All of the above-described methods are Machiavellian, calculated, chess-like, and very painful to think about. These tactics are unthinkable if you are an empathic human being, but they are simple if you have the mind of a sadist or psychopath.
The life-long psychological devastation of these kinds of cruelty is beautifully portrayed in the book and film, Sophie’s Choice. Sophie begs a Nazi soldier not to send her and her children to the death camps. The soldier tells Sophie to give him one of her children or he will send both to the death camps. Sophie begs and resists. The soldier begins to grab them both and Sophie lets him take her daughter.
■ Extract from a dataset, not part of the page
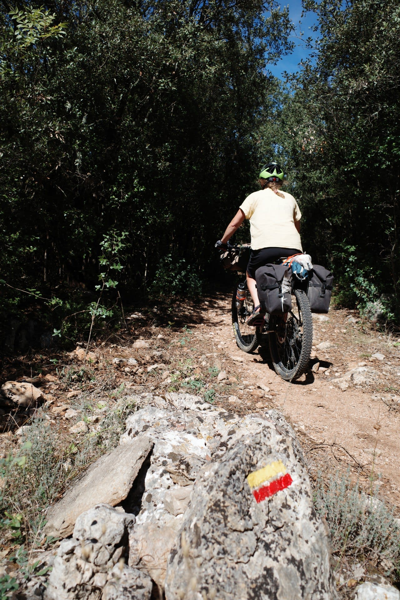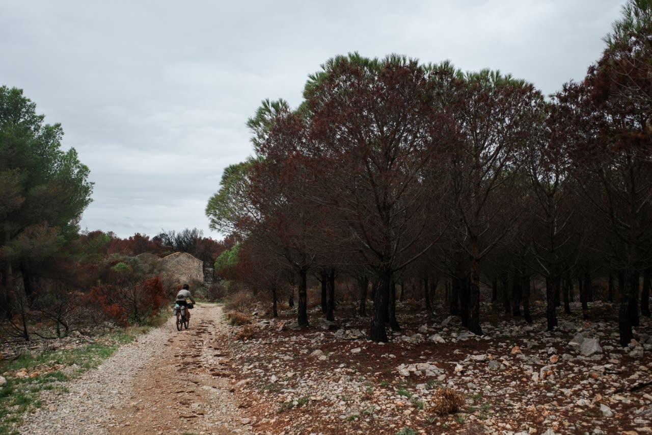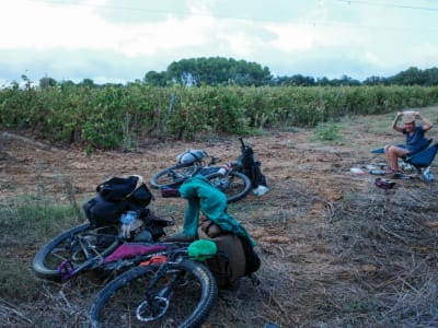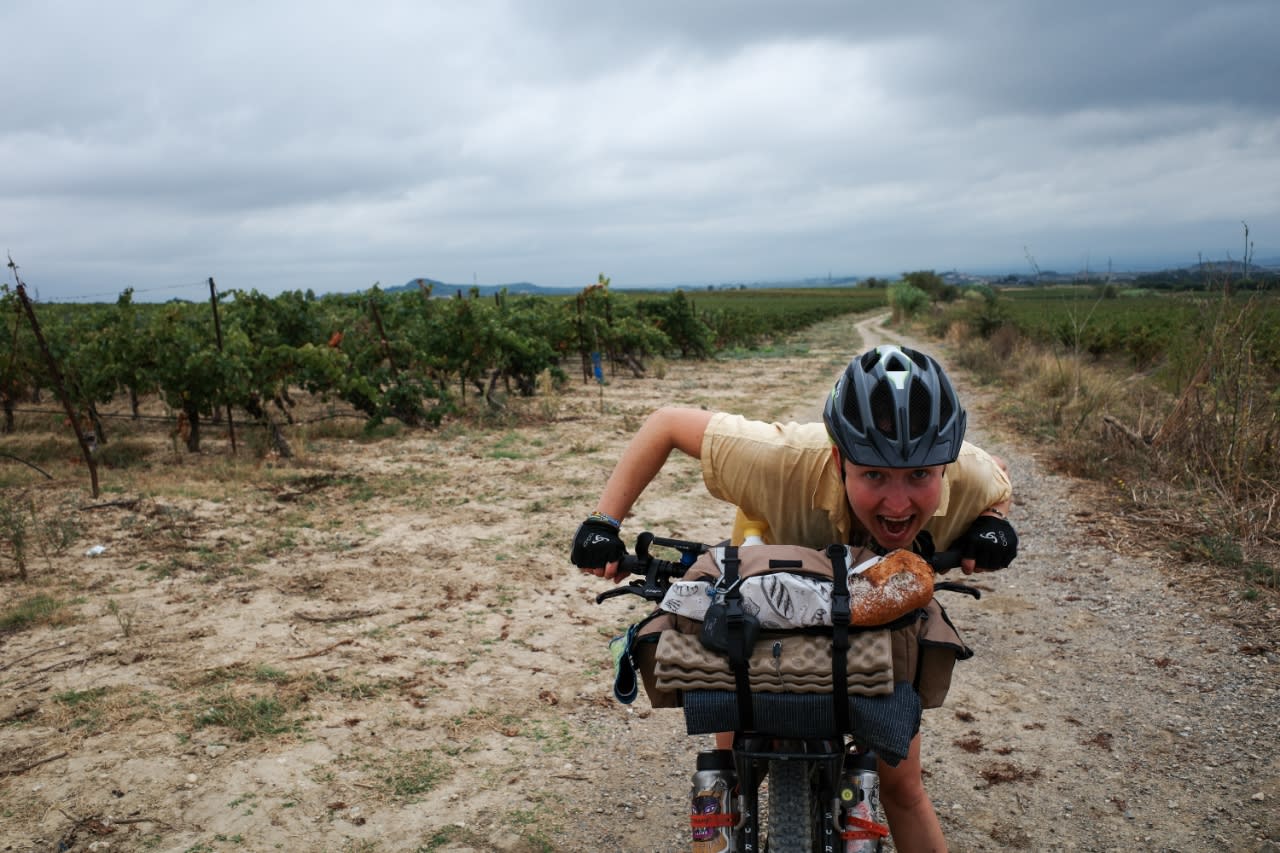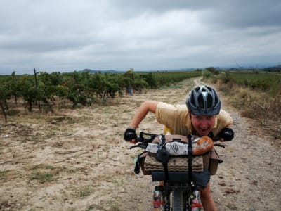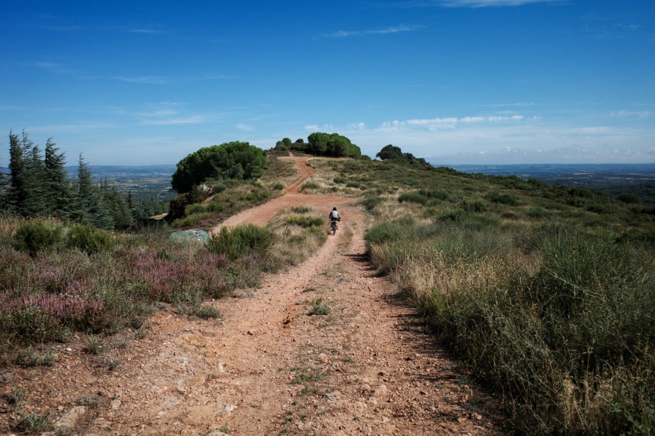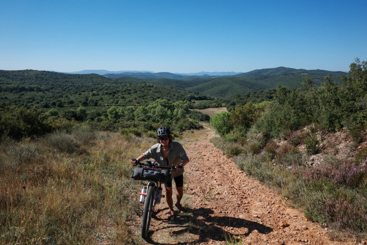 It was hard to leave the place, but we were also excited! The Mediterranean was getting closer, and we had our eyes set on it. We pedalled across this Martian landscape following some technical MTB trails. After that, we were mostly riding gravel trails between the vineyards of the South, crossing many little towns. The whole area is dominated by winegrowing, and it was hard to find good spots to pitch our tent for the night. The small woodlands we did find were too wild to camp in, so we hid in one of the winery domains and cooked our meal there. We pitched the tent at dusk and thought we were golden – but at three AM we heard the sounds of huge harvesting tractors nearby. We didn’t expect them to start that early. We were too alert to sleep after that, so we broke camp and had an early start to the day. We biked to the nearest town and had our coffee there instead! At least we didn’t get caught.

The central theme of the book and film is Sophie’s struggle, her inability to find a moment of peace, as if she bore responsibility for the horrific act when she only avoided the worse inevitable consequence.
Therapists need to gain a deep understanding of how torture-coerced harm works and that its victims have no option other than to comply. This is unthinkable, unspeakable, evil, even to the victims who lived through it. So, we need to be prepared to talk about it for them and with them to help them make sense of it, to realize what they were up against, and to replace self-condemnation with self-compassion. Unless therapists serve this function, abusers will have accomplished their goal of locking victims into never-ending self-loathing and silence, failing to recover from their trauma, and often, continuing to be victimized into adulthood.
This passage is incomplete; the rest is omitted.